Records provided |
....................

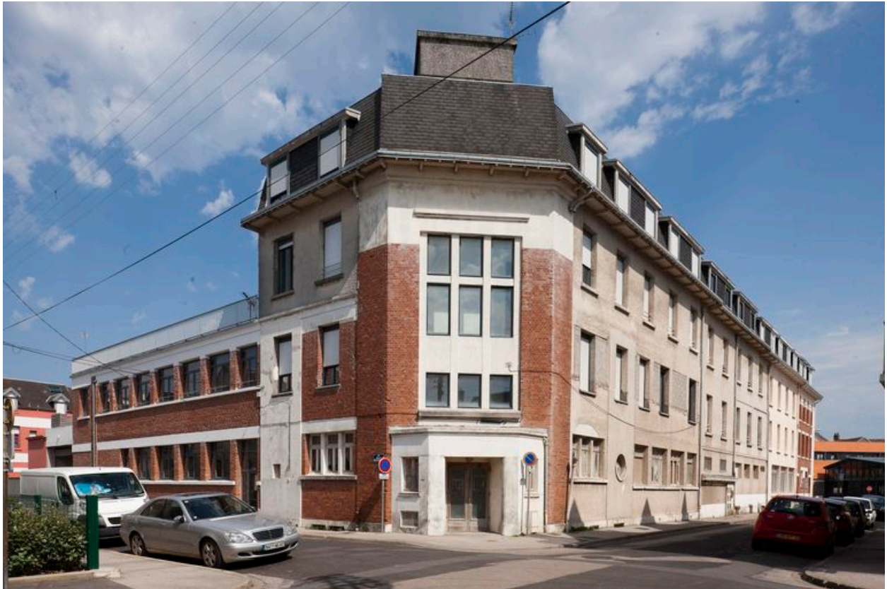
Vue générale de la partie de l'école située à l'angle de la rue Trigoulet et Arthur-Becquart.
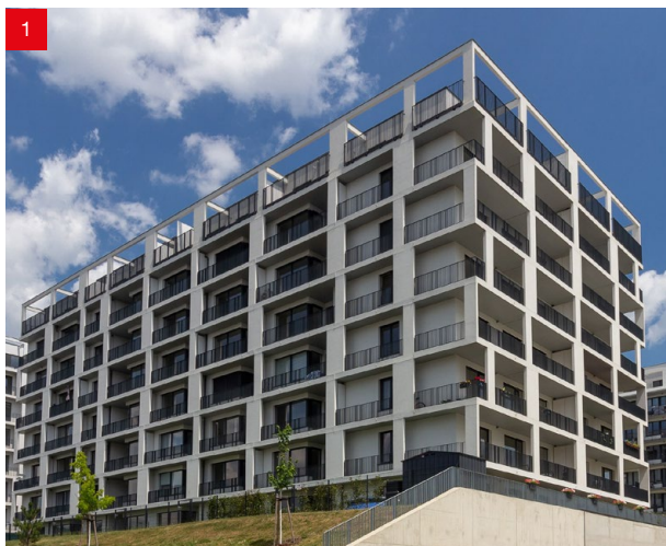
Foto: 1) Bytový komplex – VIVUS Kolbenova, 2) Bytový komplex – Bohdalecké kvarteto, 3) Rezidence – Garden lofts, 4) Rezidence – Hagibor, 5) Bytový komplex – U Šárky, 6) Bytový komplex - Kaskády Barrandov

Náš dlouholetý firemní slogan „Okna prověřená Vysočinou“ odkazuje na lokalitu kraje Vysočina, kde máme sídlo firmy a největší výrobní kapacity. Už mnoho let je pravdou, že zajímavé a velké bytové projekty s našimi okny najdete i v našem hlavní městě – v Praze. Namátkou vybíráme některé bytové projekty z poslední doby.
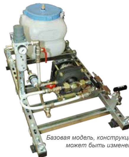
Базовая модель, конструкция может быть изменена

Отрасли промышленности: нефтегазовая, нефтехимическая, автомобильная, бумажная, пищевая, оборонная, аэрокосмическая, электроэнергетика, судостроение.
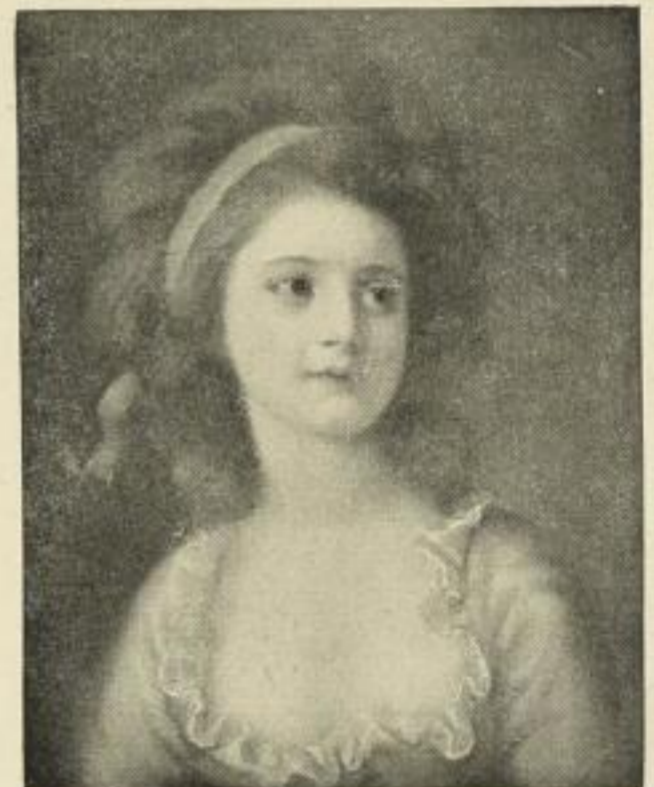
Nr. 267. Portrait der Gräfin Potocka. Bild 39x49 cm, Rand 56x72 cm M. 15.—
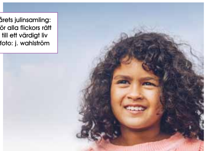
årets julinsamling: för alla flickors rätt till ett värdigt liv
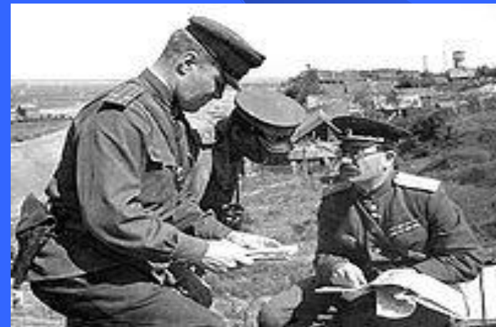
Командующий 5-й гвардейской танковой армией П. А. Ротмистров на командном пункте

....................

Exercise | Only the lines starting at the one with "Базовая модель, конструкция" and ending at the one with "Nr. 267. Portrait" should be printed, each exactly as it appears in the material above; the pictures are to be omitted.

Written solution |
Базовая модель, конструкция может быть изменена

Отрасли промышленности: нефтегазовая, нефтехимическая, автомобильная, бумажная, пищевая, оборонная, аэрокосмическая, электроэнергетика, судостроение.
Nr. 267. Portrait der Gräfin Potocka. Bild 39x49 cm, Rand 56x72 cm M. 15.—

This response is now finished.